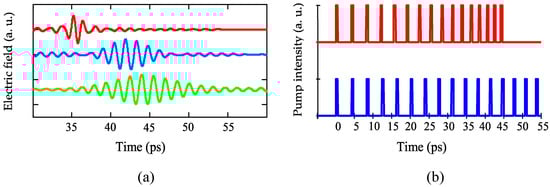 The above statements are illustrated in Figure 3a, where using Equation (6), we present the temporal forms of THz pulse EΣ(tr), excited by the sequence of pulses having delays Δtm (m = 1, 2, 3…16) for cases of δ = 1.6 µm, δ = 0.8 µm, and δ = 0.5 µm, respectively. The required sequence of laser pulses is schematically illustrated in Figure 3b for cases of δ = 1.6 µm and δ = 0.8 µm, respectively.
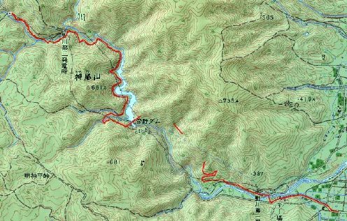 | 登山道 □は山頂、登山口、桂谷分校跡、駐車場 |
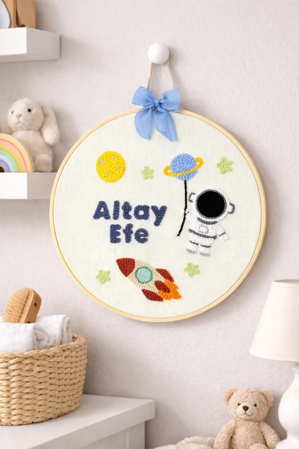 Zenessa Uzay Temalı Punch Nakış Pano, tamamen el işçiliğiyle hazırlanan, isme özel olarak kişiselleştirilebilen premium dekoratif bir üründür. Uzay temalı sevimli tasarımı, yumuşak dokulu pamuk punch ipleri ve doğal kumaş yüzeyi ile hem bebek odası dekorasyonuna hem de özel gün hediyelerine zarif bir anlam katar.
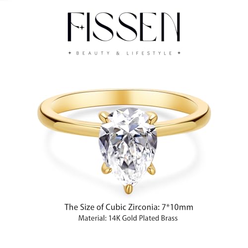 Engagement Rings for Women 14K Gold Plated Pear Cubic Zirconia Ring Dainty Gold Promise Ring Wedding Band Rings for Women Trendy Gold Jewelry 6
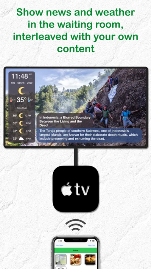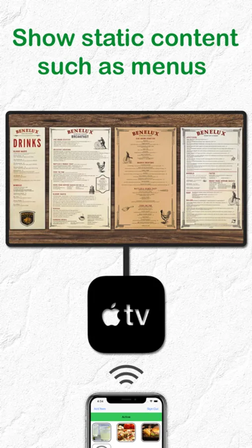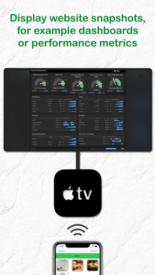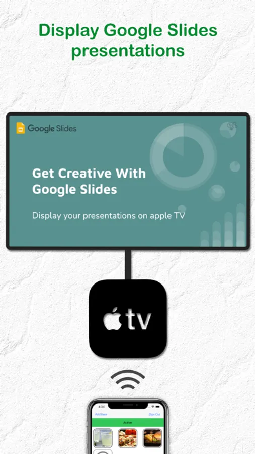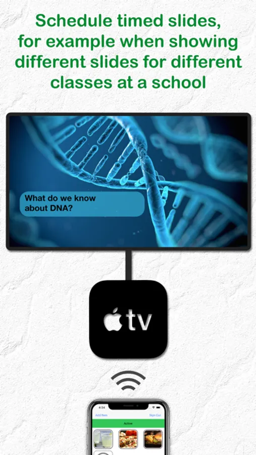 - create and manage your slides from images, videos, google slides, or website captures, all of which are displayed on the TV
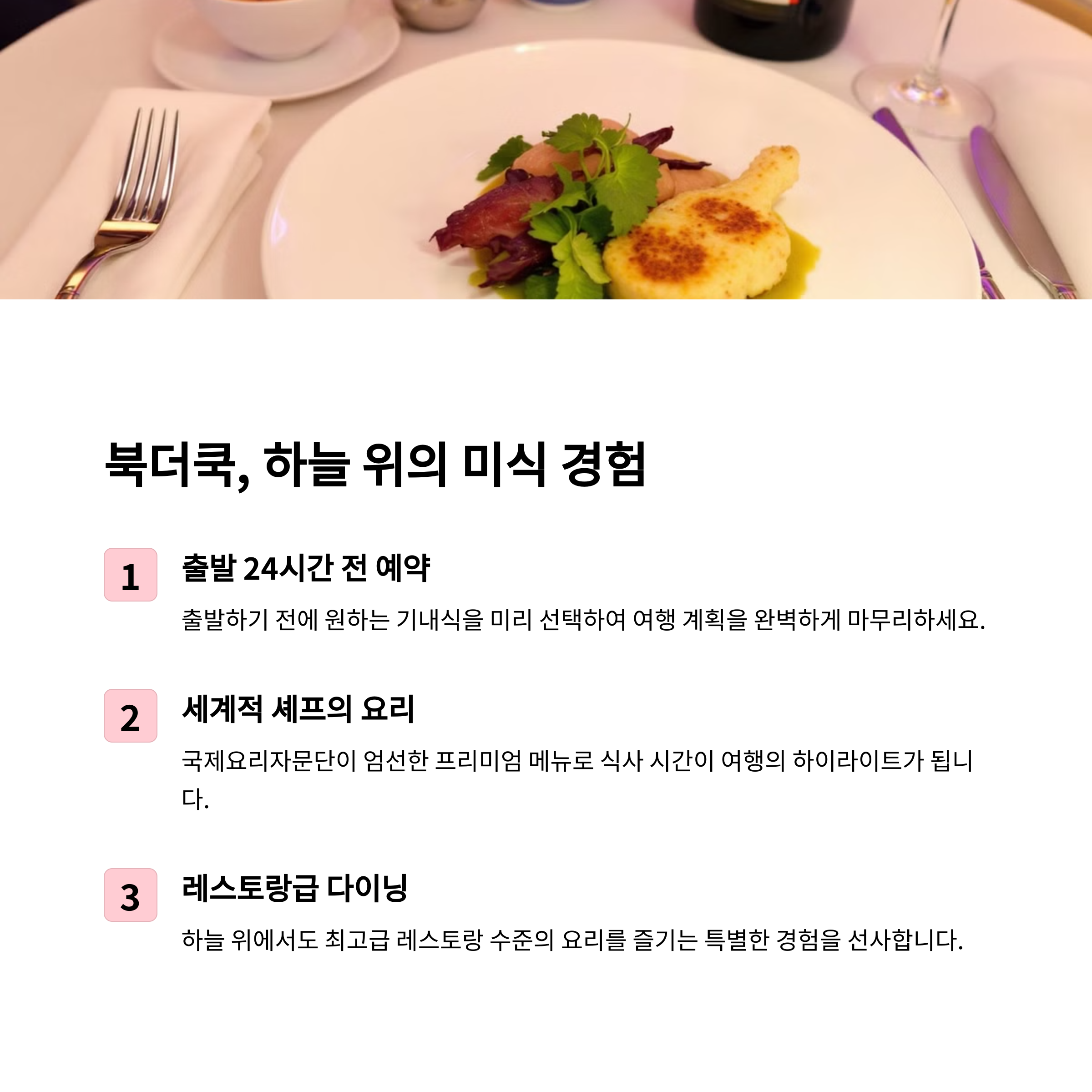 ✔ 북더쿡 서비스는 출발 24시간 전까지 예약 가능합니다. ✔ 일부 인기 메뉴는 조기 마감될 수 있으니 미리 예약하는 것이 좋습니다.
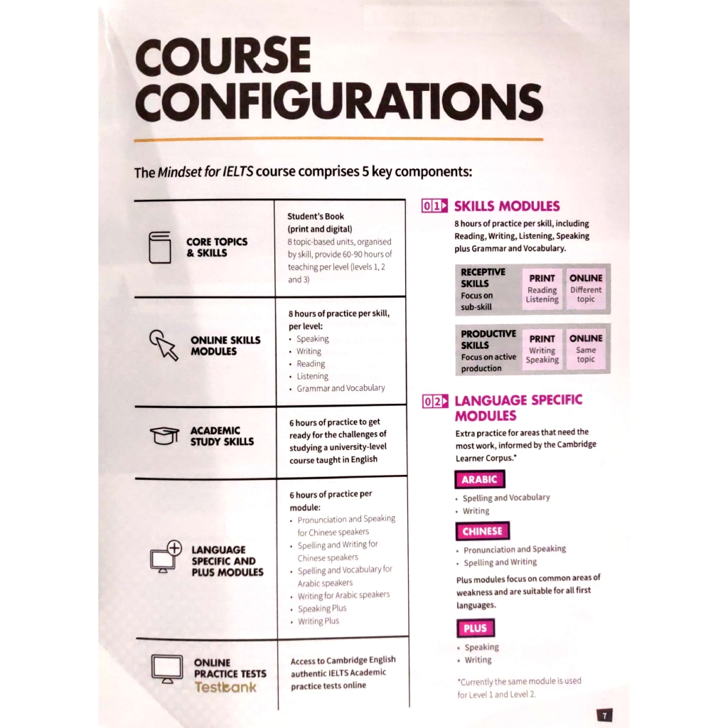 Mindset For IELTS Level 3 Student's Book With Testbank And Online Modules Have confidence in Cambridge, the writers of the IELTS test Mindset immerses you in a wide range of IELTS topics and guides you clearly through all the skills and strategies you need to prepare fully for test day: - Learning strategies improve your language skills in a structured IELTS context - Skill practice: Immerse yourself in a wide range of IELTS topics - Exam practice: Familiarise yourself with the IELTS test through authentic tasks. Achieve your goal with MINDSET for IELTS This Student's Books includes an access code for Testbank, Online Skills Modules, Academic Study Skills and Language Modules.

What you need to do - Nothing but the lines from the one containing "- create and" through the last line of the records should appear in the copy, exactly as written and without pictures.

Result below -
 - create and manage your slides from images, videos, google slides, or website captures, all of which are displayed on the TV
 ✔ 북더쿡 서비스는 출발 24시간 전까지 예약 가능합니다. ✔ 일부 인기 메뉴는 조기 마감될 수 있으니 미리 예약하는 것이 좋습니다.
 Mindset For IELTS Level 3 Student's Book With Testbank And Online Modules Have confidence in Cambridge, the writers of the IELTS test Mindset immerses you in a wide range of IELTS topics and guides you clearly through all the skills and strategies you need to prepare fully for test day: - Learning strategies improve your language skills in a structured IELTS context - Skill practice: Immerse yourself in a wide range of IELTS topics - Exam practice: Familiarise yourself with the IELTS test through authentic tasks. Achieve your goal with MINDSET for IELTS This Student's Books includes an access code for Testbank, Online Skills Modules, Academic Study Skills and Language Modules.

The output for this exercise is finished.